The Reform Club's building was designed by renowned architect Sir Charles Barry and contracted to builders Grissell & Peto. The new club was built on palatial lines, the design being based on the Palazzo Farnese in Rome, and its Saloon in particular is regarded as the finest of all London's clubs. It was officially opened on 1 March 1841. Facilities provided included a library which, following extensive donations from members, grew to contain over 85,000 books.

20th century

After the Second World War and with the old Liberal Party's further decline, the club increasingly drew its membership from civil servants. The club continued to attract a comprehensive list of guest speakers including Government Ministers Nick Clegg and Theresa May (2011), Archbishop John Sentamu (2012), and Ambassador Liu Xiaoming (2013).

Literary associations
Besides having had many distinguished members from the literary world, including William Makepeace Thackeray and Arnold Bennett, the Reform played a role in some significant events, such as the feud between Oscar Wilde's friend and literary executor Robbie Ross and Wilde's ex-lover Lord Alfred Douglas. In 1913, after discovering that Lord Alfred had taken lodgings in the same house as himself with a view to stealing his papers, Ross sought refuge at the club, from where he wrote to Edmund Gosse, saying that he felt obliged to return to his rooms "with firearms".

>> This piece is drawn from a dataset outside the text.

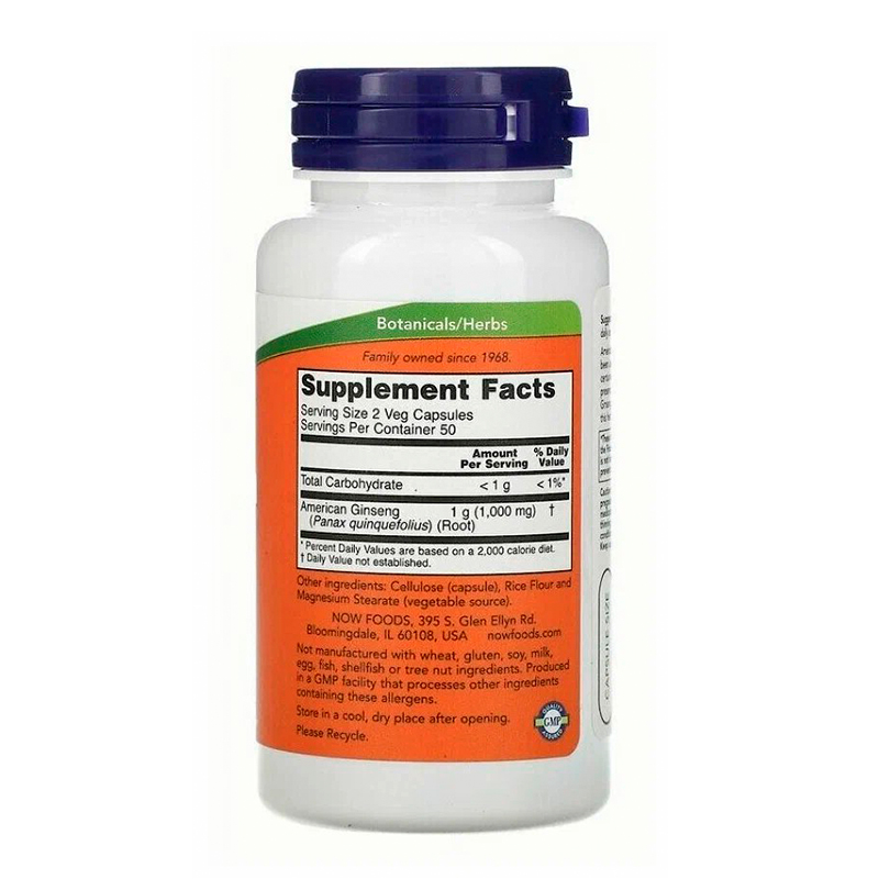 NOW American Ginseng, 500мг, 100шт.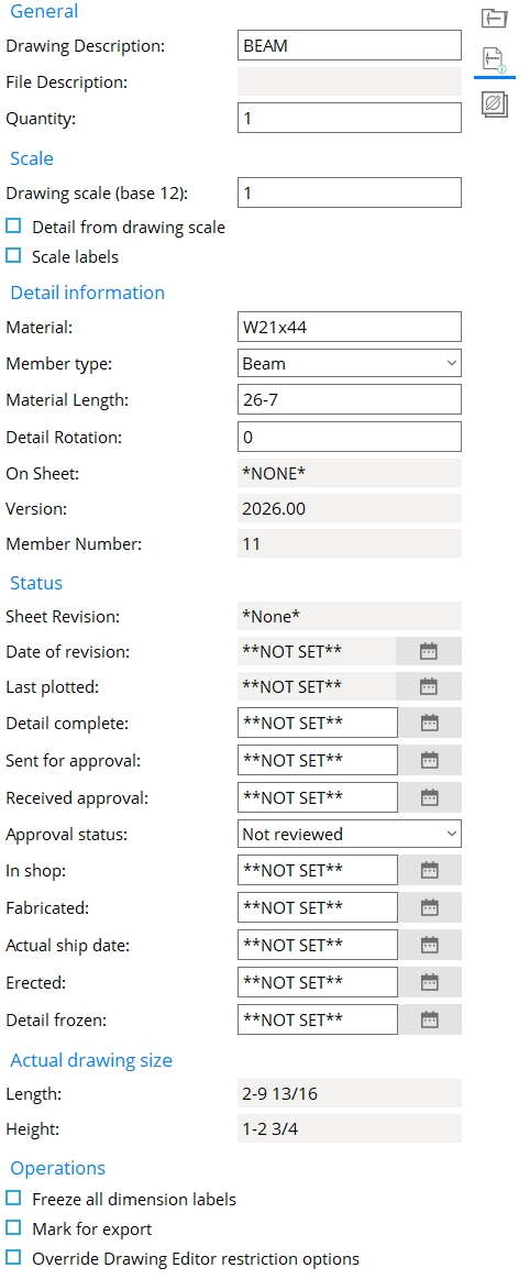 **NOT SET** removes Detail complete from your current member detail, submaterial detail, erection view, or sheet. This allows you to detail the drawing or Save changes to that drawing without having to override the detail complete date.

Harold Owen, the brother of Wilfred Owen, called on Siegfried Sassoon at the Reform after Wilfred's death, and Sassoon himself wrote a poem entitled "Lines Written at the Reform Club", which was printed for members at Christmas 1920.

Appearances in popular culture and literature

Books
The Reform Club appears in Anthony Trollope's novel Phineas Finn (1867). This eponymous main character becomes a member of the club and there acquaints Liberal members of the House of Commons, who arrange to get him elected to an Irish parliamentary borough. The book is one of the political novels in the Palliser series, and the political events it describes are a fictionalized account of the build-up to the Second Reform Act (passed in 1867) which effectively extended the franchise to the working classes.

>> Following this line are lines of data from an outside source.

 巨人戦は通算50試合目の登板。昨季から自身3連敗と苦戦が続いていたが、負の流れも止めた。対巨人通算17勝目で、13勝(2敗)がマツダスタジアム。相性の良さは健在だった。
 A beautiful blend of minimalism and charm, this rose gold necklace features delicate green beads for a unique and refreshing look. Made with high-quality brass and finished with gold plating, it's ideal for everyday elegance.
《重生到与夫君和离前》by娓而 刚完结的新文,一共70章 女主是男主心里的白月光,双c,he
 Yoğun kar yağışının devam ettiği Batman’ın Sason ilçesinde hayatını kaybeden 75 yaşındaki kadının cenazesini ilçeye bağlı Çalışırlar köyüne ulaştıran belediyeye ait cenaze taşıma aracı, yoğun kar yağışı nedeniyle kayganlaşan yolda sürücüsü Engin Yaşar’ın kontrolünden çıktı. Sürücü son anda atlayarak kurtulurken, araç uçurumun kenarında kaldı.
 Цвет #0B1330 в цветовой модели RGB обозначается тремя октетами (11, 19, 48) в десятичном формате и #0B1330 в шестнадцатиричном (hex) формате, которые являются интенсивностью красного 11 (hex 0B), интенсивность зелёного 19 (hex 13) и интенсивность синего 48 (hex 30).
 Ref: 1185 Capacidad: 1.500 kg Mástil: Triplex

The club also appears in Jules Verne's Around the World in Eighty Days (published in 1872, as a novel in 1873); the protagonist, Phileas Fogg, is a member of the Reform Club who sets out to circumnavigate the world on a bet from his fellow members, beginning and ending at the club.

The Reform Club was used as a meeting place for MI6 operatives in Part 3, Chapter 1, p. 83ff of Graham Greene's spy novel The Human Factor (1978, Avon Books, ).

The Reform Club and its Victorian era celebrity chef Alexis Soyer play pivotal roles in MJ Carter's mystery novel The Devil's Feast (2016, Fig Tree, ).

Films and television
Michael Palin, following his fictional predecessor, also began and ended his televised 1989 journey around the world in 80 days at the Reform Club. Palin was not permitted to enter the building to complete his journey, as had been his intention, so his trip ended on the steps outside.

Victorian publisher Norman Warne is depicted visiting the Reform Club in the 2006 film Miss Potter. The club has been used as a location in a number of other films, including the fencing scene in the 2002 James Bond movie Die Another Day, The Quiller Memorandum (1966), The Man Who Haunted Himself (1970), Lindsay Anderson's O Lucky Man! (1973), The Avengers (1998), Nicholas Nickleby (2002), Quantum of Solace (2008), Sherlock Holmes (2009), Paddington (2014), and Christopher Nolan's Tenet (2020).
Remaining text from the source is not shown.